I threw the pack over my shoulder and ran.
My armor was no longer waterlogged, but the swamp still slowed me down. The mushrooms had moved, and the marks I had left behind me on my way in were gone, so I climbed on to one of the higher caps and looked for the stone hut where I'd left the minecart. There it was, only a few miles away through zombie infested wilderness. It hadn't disappeared or been overgrown. The runes must have kept the fungus from swallowing the structure.
I jumped back down, trusting Featherfall to give me a soft landing, and jogged non-stop through the muck. Water sucked at my boots, but I didn't slow. When a zombie reared up in front of me, I hacked it in half. When a squid dropped out of the canopy, I grabbed it before it landed, spun it around my head, and threw it at a mushroom.
Its color changed from slate gray to hot pink as it bounced off the cap and landed in a shallow pool.
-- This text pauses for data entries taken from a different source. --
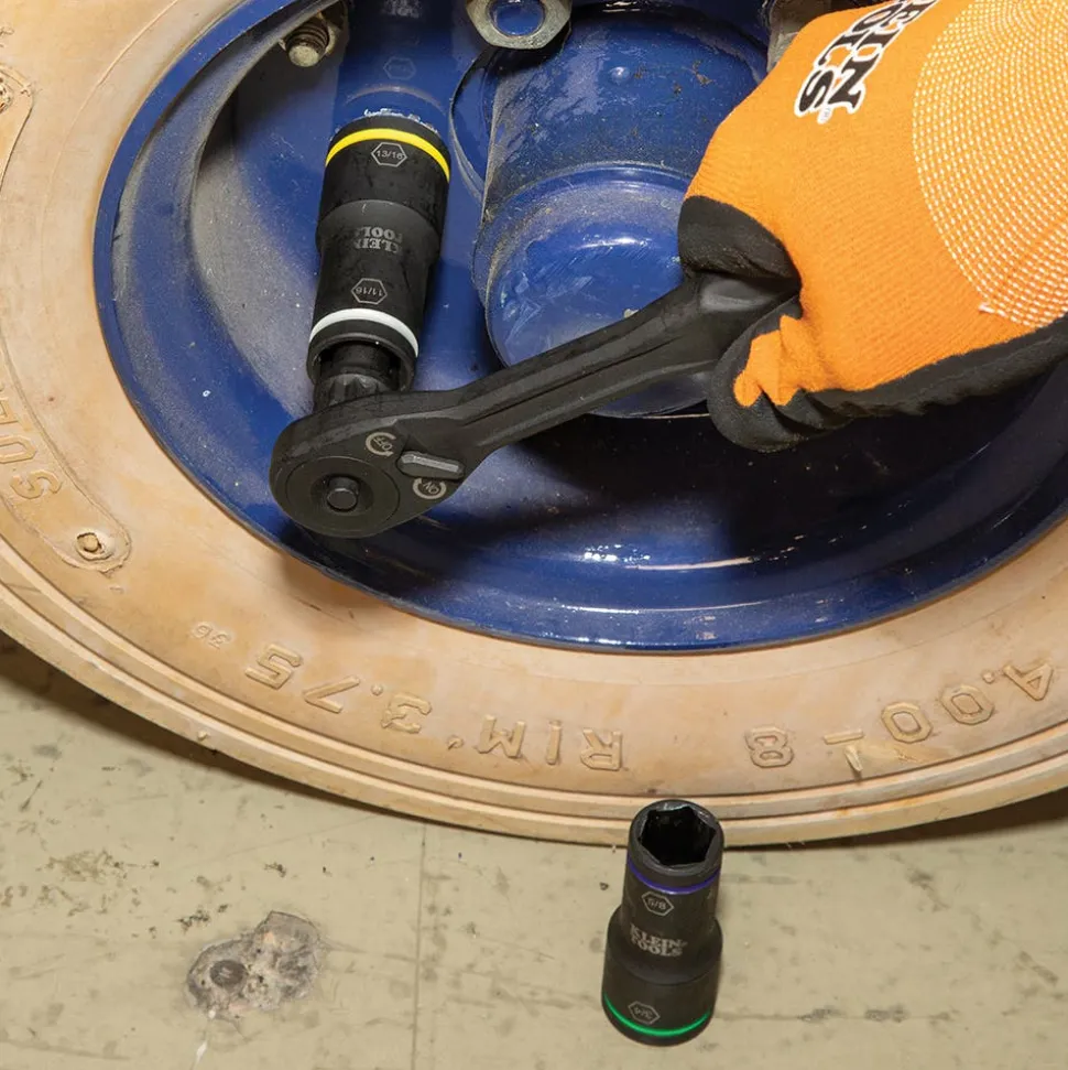 - Deep Well Impact Flip Socket Set includes ten sizes combined into five color-coded sockets plus two nested adapters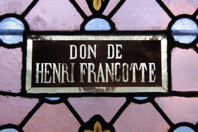 A l’occasion des journées du patrimoine, la fabrique d’église St Pancrace voulait mettre à l’honneur Henri Francotte, bourgmestre de Dalhem au début du 20e siècle. Dans le vitrail dédié à St Henri, le cartouche original avait été remplacé par une pièce de qualité médiocre comportant une faute dans le nom. Sous l’impulsion de son petit fils, le cartouche a été restitué avec l’orthographe correcte. D’autres inscriptions ont permis de restituer la police de caractère. Cette intervention m’a permis de retrouver l’église de mon village et d’apporter ma contribution à sa valorisation à l’instar de mon grand-père, ancien président de la fabrique d’église.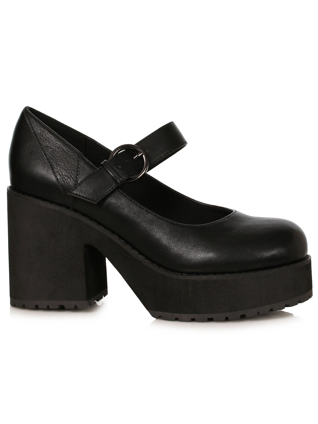 Looking for the perfect shoe to elevate your look? Look no further than these Women's Black Mary Jane Platform Shoes! With a 3.5 inch heel and platform, these chunky shoes will add some edge to any outfit. Perfect for goth fashion or completing a costume, these shoes will be a staple year after year. Step up your style with these platform shoes that add a touch of attitude to any outfit. Whether you're channeling your inner goth or rocking a costume, these shoes are sure to elevate your look (literally and figuratively). You'll be feeling like you're on top of the world (or at least a few inches off the ground).

I didn't bother killing it, instead charging headlong into a swarm of giant gnats. One of them slipped in through my visor. I opened my mouth, sucked in, bit down on it, and kept going. Its bitter insides covered my tongue, mingling with the bile that had already risen in my throat.
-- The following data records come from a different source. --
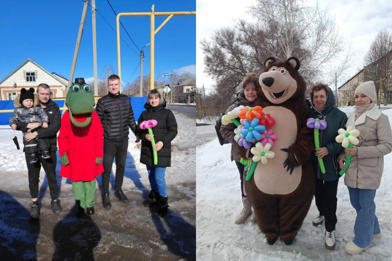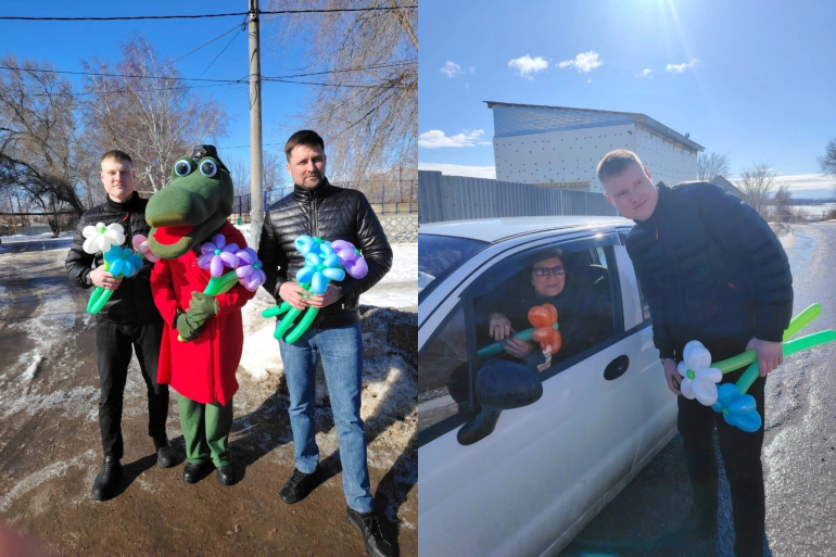 В Международный женский день 8 марта Гена и Мишка поздравляли всех женщин, девушек и девочек с праздником и дарили им цветы. В этом сказочным персонажам из Культурно-досугового комплекса «Октябрьский» помогали директор УК «Символ» Алексей Тараканов и руководитель УК «Тёплый дом» Иван Горбунов. Они совместно 8 марта провели в городе веселую акцию «Дарите женщинам цветы» в рамках проведения Международного женского дня.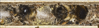 fertig gestellten Kammern bestücken die Wildbienenweibchen mit einem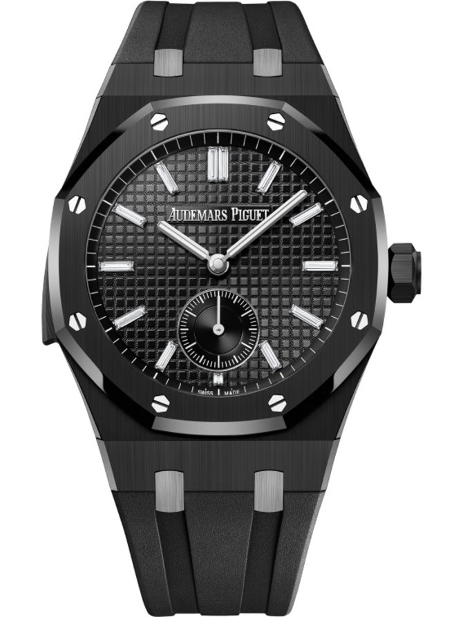 Швейцарские часы Royal Oak Supersonnerie 26591CE.OO.D002CA.02 от компании Audemars Piguet выпущены с функцией минутного репетира с боем в корпусе из черной керамики, диаметром 42 мм. Циферблат с узором «Grande Tapisserie» закрыт сапфировым стеклом с антибликовым покрытием. Также модель оснащена завинчивающейся заводной головкой. Водонепроницаемость корпуса - 20 метров. Накладные часовые метки представлены из белых багетных бриллиантов, а стрелки Royal Oak из белого золота покрыты люминесцентным покрытием. Ремешок из черного каучука дополнен раскладной застежкой AP из титана. Калибр 2953 с ручным подзаводом обладает функцией минутного репетира и 72-часовым запасом хода.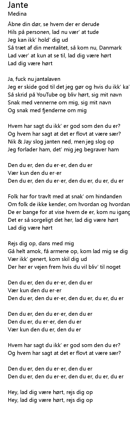 | Så træt af din mentalitet, så kom nu, Danmark | |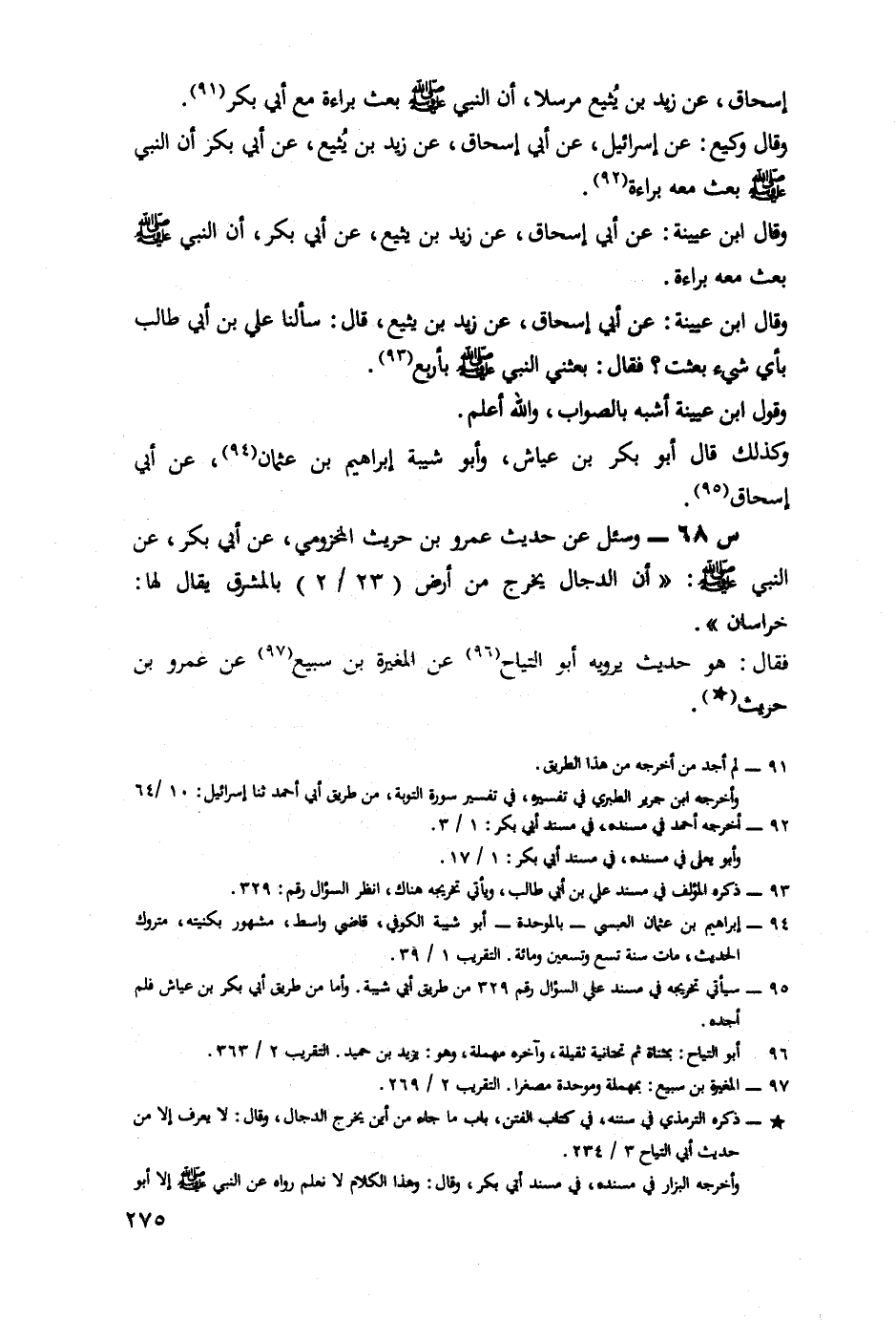 68- وَسُئِلَ عَنْ حَدِيثِ عَمْرِو بْنِ حُرَيْثٍ الْمَخْزُومِيِّ، عن أَبِي بَكْرٍ، عَنِ النَّبِيِّ صَلَّى اللَّهُ عَلَيْهِ وَسَلَّمَ؛ أَنَّ الدَّجَّالَ يَخْرُجُ مِنْ أَرْضٍ بِالْمَشْرِقِ يُقَالُ لَهَا: خُرَاسَانُ.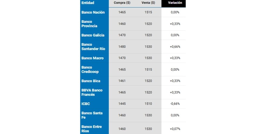 La semana pasada cerró con aumentos en el dólar oficial dependiendo del banco, mientras que el Blue avanzó con más fuerza. En el Nación se sostuvo a $1.515 para la venta y $1.465 para la compra, cifras en las que abre este miércoles 22 de octubre.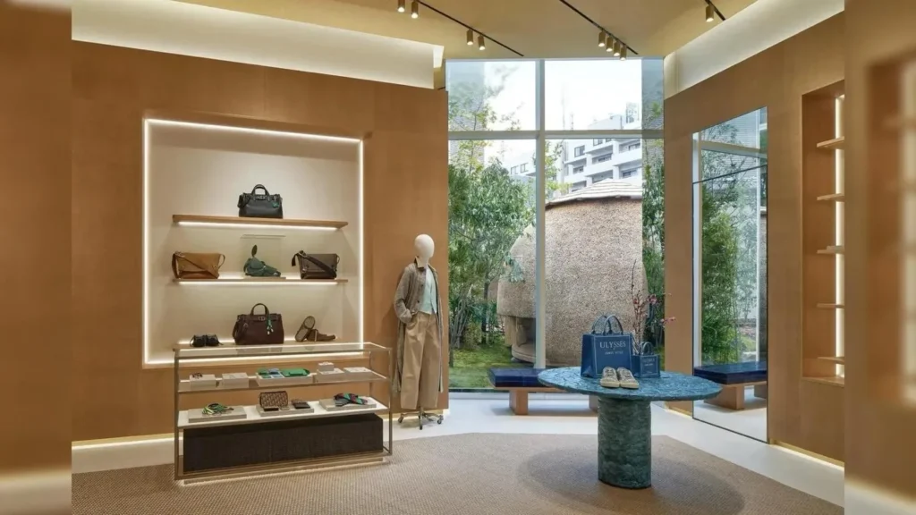 Бутик расположен в районе Даиканьяма — одной из самых эстетически выверенных и архитектурно насыщенных зон японской столицы. Здесь сосредоточены дизайнерские пространства, галереи и бутики, где особое внимание уделяется не только продукту, но и форме его представления.

The cart was still in place, the gates and levers in working order. Its wheels spun when I flipped its switch, and it carried me off of the island and back into the space between. As there was no way for me to increase its speed, I ground my teeth and stewed until it arrived at the first asteroid. Nothing had changed. If a decade had passed, the map on the wall could be wrong. All the islands could be in new positions. But I'd taken a right to get to Zombie Island, and the cart was keyed to the asteroid regardless of their actual location. So I left the track in its current position and kept going.
Ten years. What would the world look like when I got back? Had Dargoth conquered the Free Kingdoms? Had Bojack decided Esmelda had outlived her usefulness?
I was going to kill him. But that had already been the plan. If he had hurt her, there had to be something worse you could do to a demon than kill them. Take his hands, keep him in a box. Let him see me rid Plana of Bedlam's infestation.
If Esmelda was gone, did I even care about that anymore?
She wasn't gone. I wouldn't accept that as a possibility. There were plenty of reasons for Bojack to keep her around as insurance against my return. No particular reason to kill her, even if he sent her to join the rest of the lillits as one of Kevin's slaves. And if ten years had really passed, she wouldn't be alone. She would be with our son.
The dream hadn't been real. But I believed there had been some truth in it, a gift, if a twisted one, from Mizu. We had a son.
The ride back to base was a long one.